こいつは事あるごとに自らを『世界一可愛い後輩』と称するが、今までその言葉の真意を聞いたことがなく気になっていたところだったので丁度いい。
するとそんな言葉を受けた櫻田は、分かりやすく咳払いをしてから、いつものような口調で答える。
「何って、言葉通りの意味ですよお。センパイにとって、私は『世界一可愛い後輩』なんですから!」
さも当たり前の事象かのようにそんなこと言うのだが、果たしてその自信は何処から湧いてくるのだろうか。まあ、容姿は悪いどころかかなり良い方だと思うけどさ。
というか、そもそもそれ答えになってねえし。.........と思ったけど、まあ、別にいいかそれで。
「......というか、私のことはいいんですよ。私が可愛いことなんて周知の事実ですし。それより、私のことを教えたんだから先輩のことも教えてくださいよ」
これ以上詮索されたくないのだろうか。櫻田は、少しだけ声のトーンを落とし、話題の転換を行った。
「待て待て、色々とツッコミどころがあるんだが。つーか、俺のことってなんだよ。何聞かれてもしょうもない返答しかできんぞ」
「そんなことないですよお? センパイって面白いですし。............色んな意味で」
「おい待てこら」
「——それで、センパイってなんで留年したんですか?」
「無視するなよ......というか、その話前にもしたよな? 確か俺たちが会って割とすぐのころに」
それもそうだし、このやり取り、今日の昼休みにやらなかっただろうか。
「そうでしたっけ? まあ、でもあの時の私はセンパイに対しての興味大してなかったですし、覚えてないですねえ」
「何だよ。
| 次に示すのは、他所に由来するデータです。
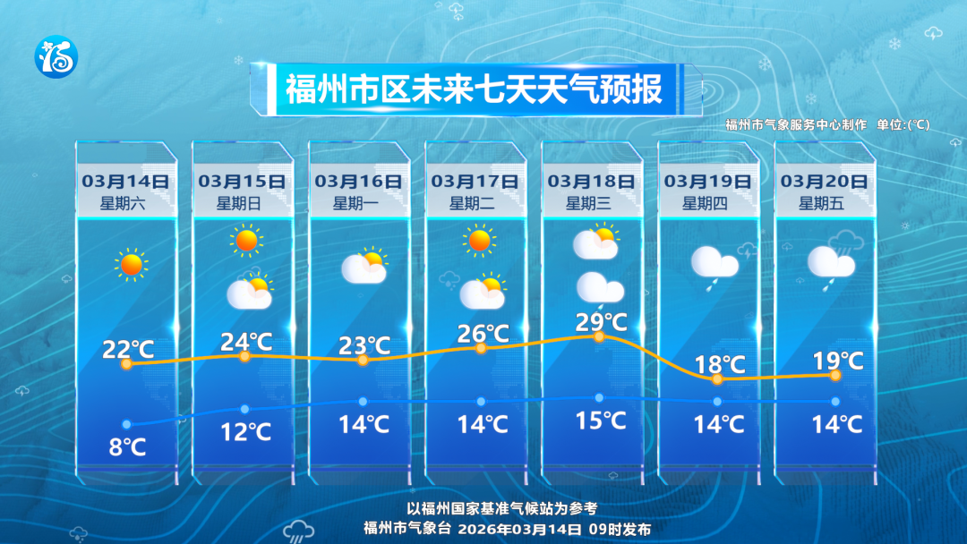 14日起福州的气温将会进一步升高,下周三最高气温直逼30℃,白天有阳光的加持,体感温暖舒适。最低气温虽然也相应升高,但昼夜温差大,请注意根据气温的变化,适时增减衣物,谨防感冒。
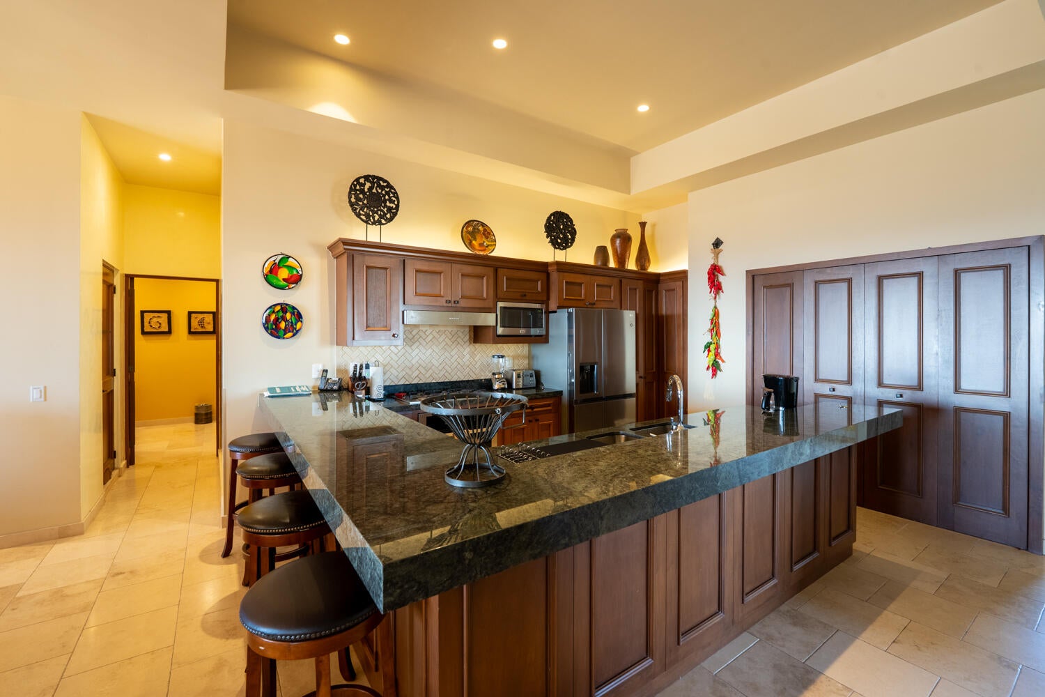 Discover a rare double penthouse in Tower 2, Phase I of Copala at Quivira. A unique residence created by combining two penthouses into a spacious home. The property features a private rooftop terrace with expansive Pacific Ocean views, offering an exceptional outdoor area for relaxing, entertaining, or simply taking in the surrounding landscape and can be accessed from inside. Four pergola parking spaces give plenty of room for Baja toys and vehicles.
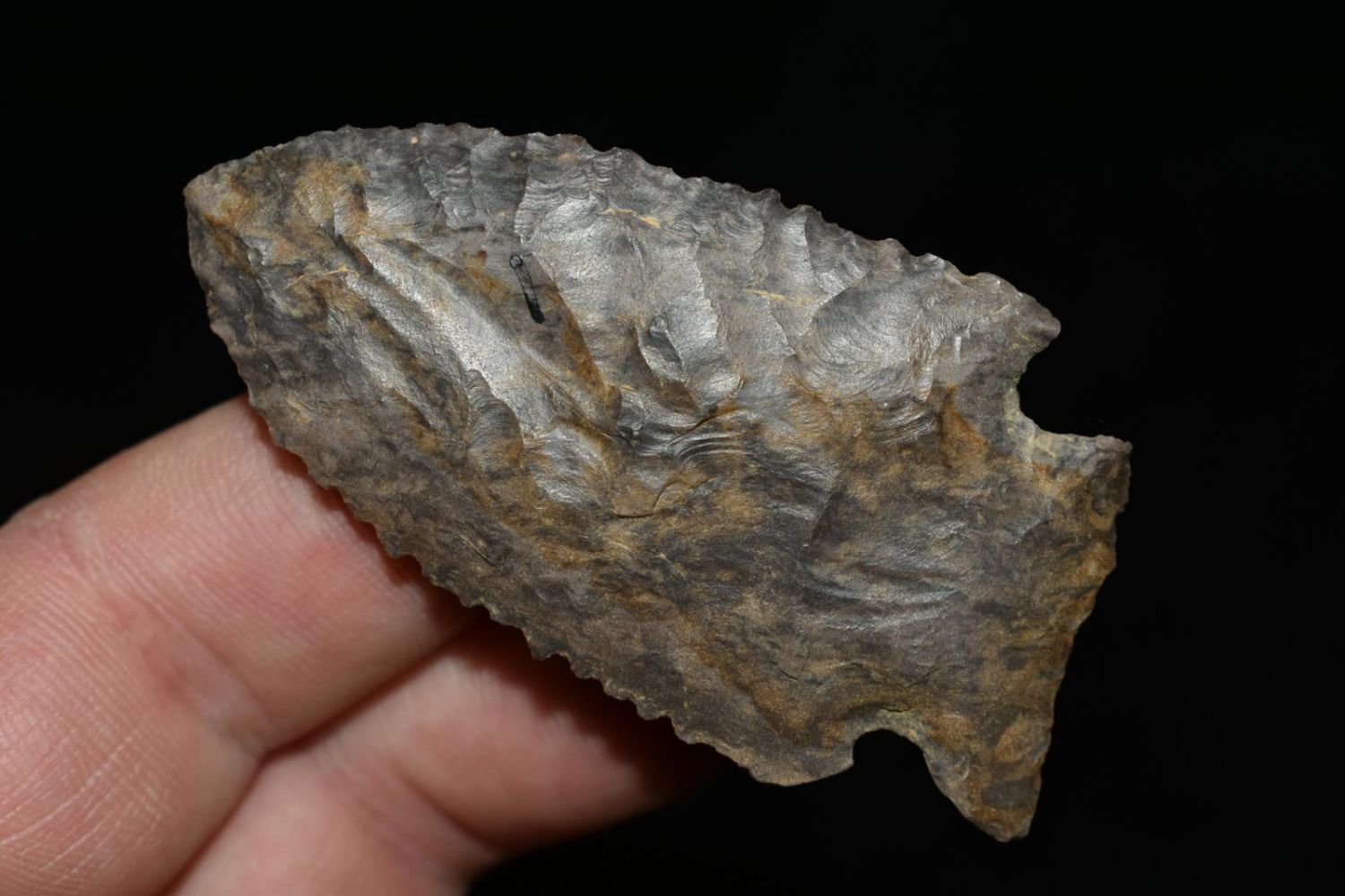 2 3/8" Serrated Stillwell, beautiful multi brown, Authentic Native American Arrowhead
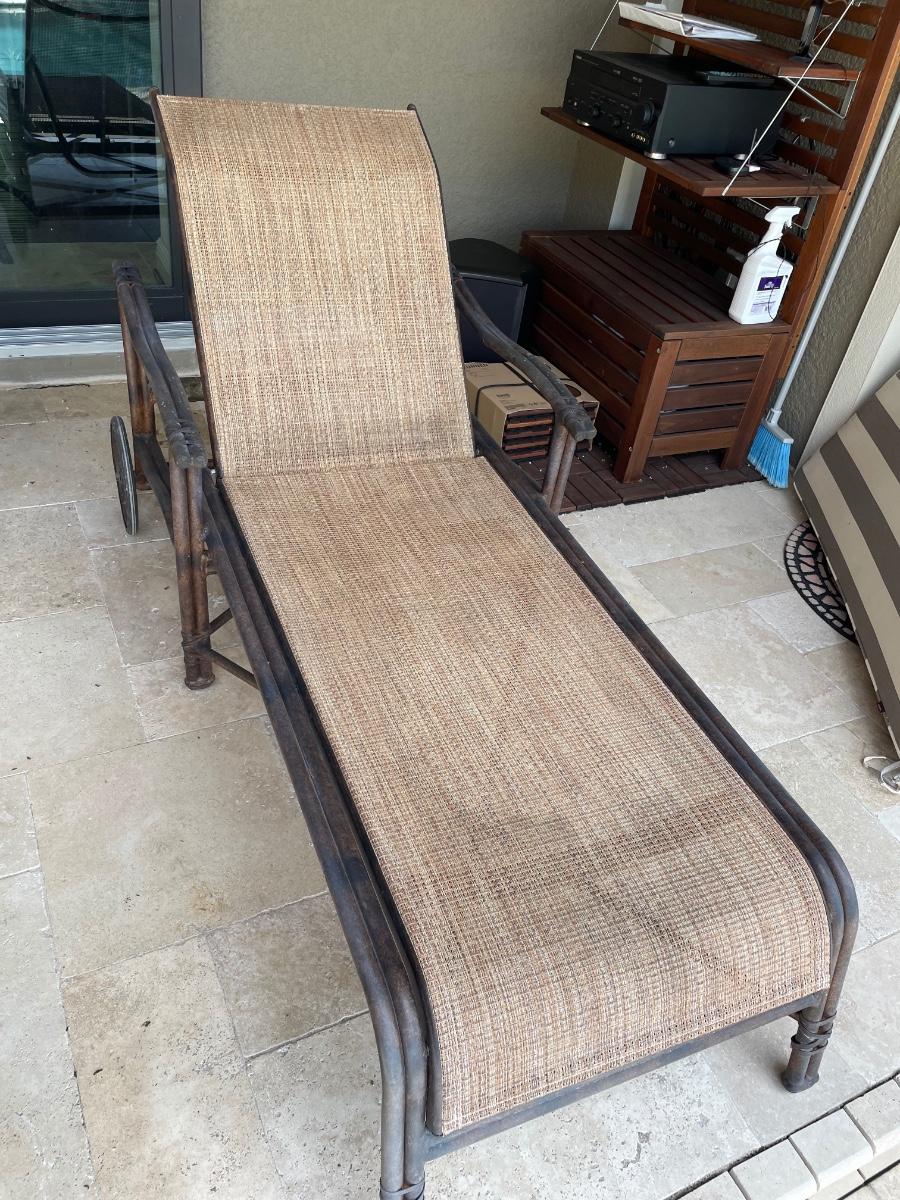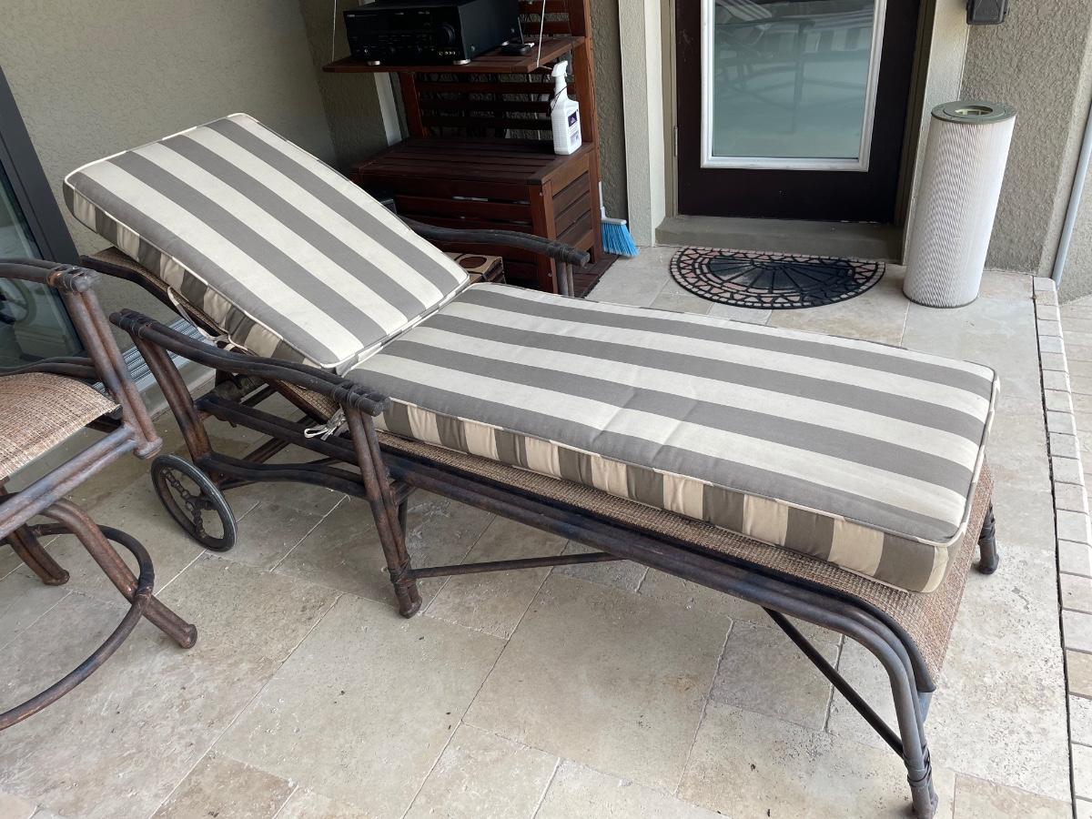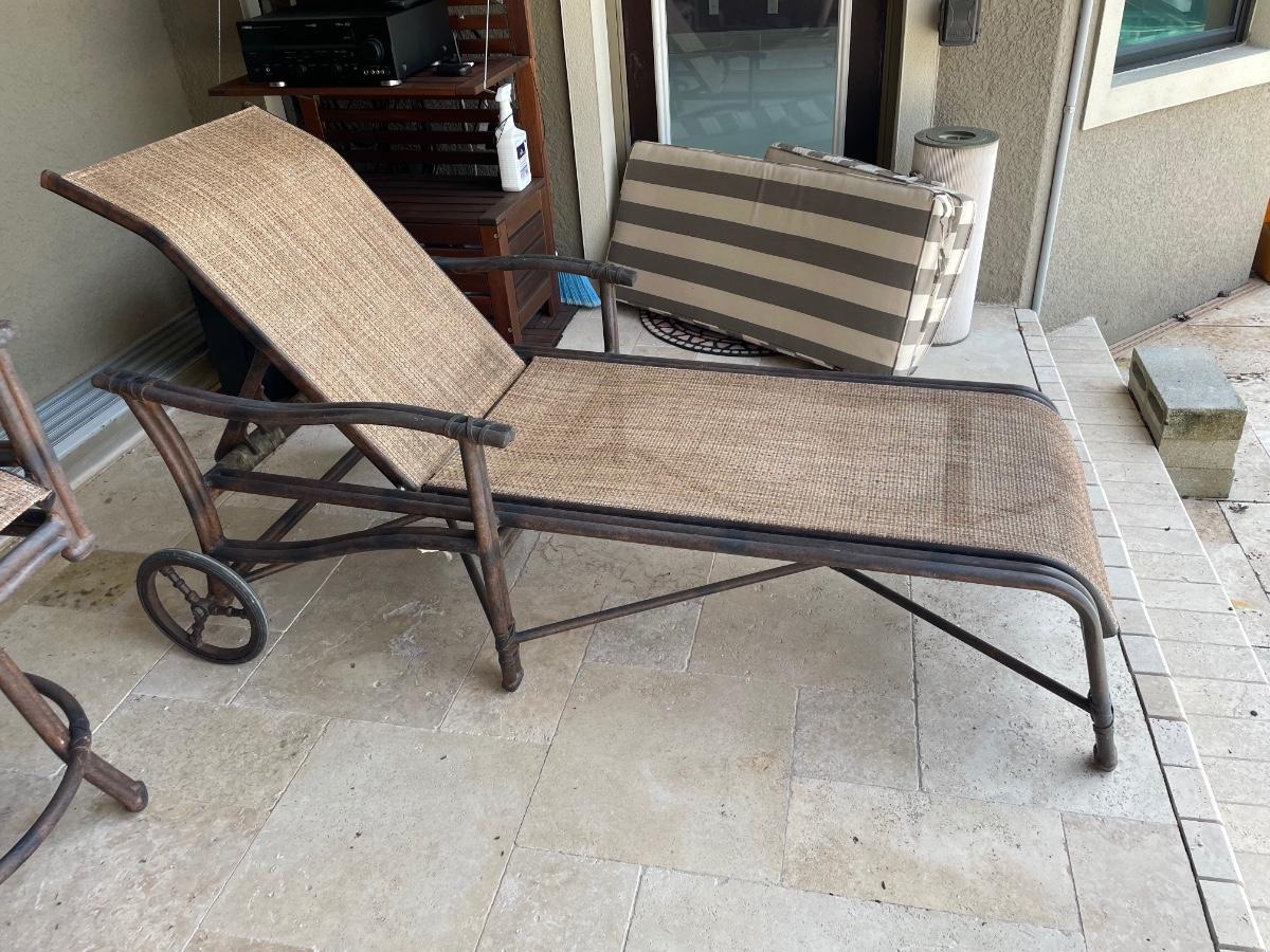 Adjustable back. Aluminum with faux finish. Cushions are included but were not originally sold with it

今なら少し興味あるかのような言い方するなよ」
「いや、普通に考えて全く興味のない人にここまで突っかかります?」
............確かにそうかもしれない。まさかこいつに言い負かされる日が来るとは。
いや待てよ? とはいえ突っかかるとは言ってもほとんどがパシリのためだったような気がすもするし、それとこれとはまた話が別なような......
「......今は別にそんなことどうだっていいんですよ! それよりほら、早く教えてください」
............まあ、色々気になるところもあるが、今日はこいつにほんの少しだけ世話になったし、少しくらいなら話に乗ってやってもいいかな。
「はあ、しゃあねえな。つまらん話だが話してやるよ。立ったままっていうのもなんだから、適当に座ろうぜ」
俺はそう言うと、櫻田とともに荷物を置いていたベンチへと向かい、適当に腰を下ろした。その十数秒後、腹を決めると、俺は自分の高校生活について語りだした。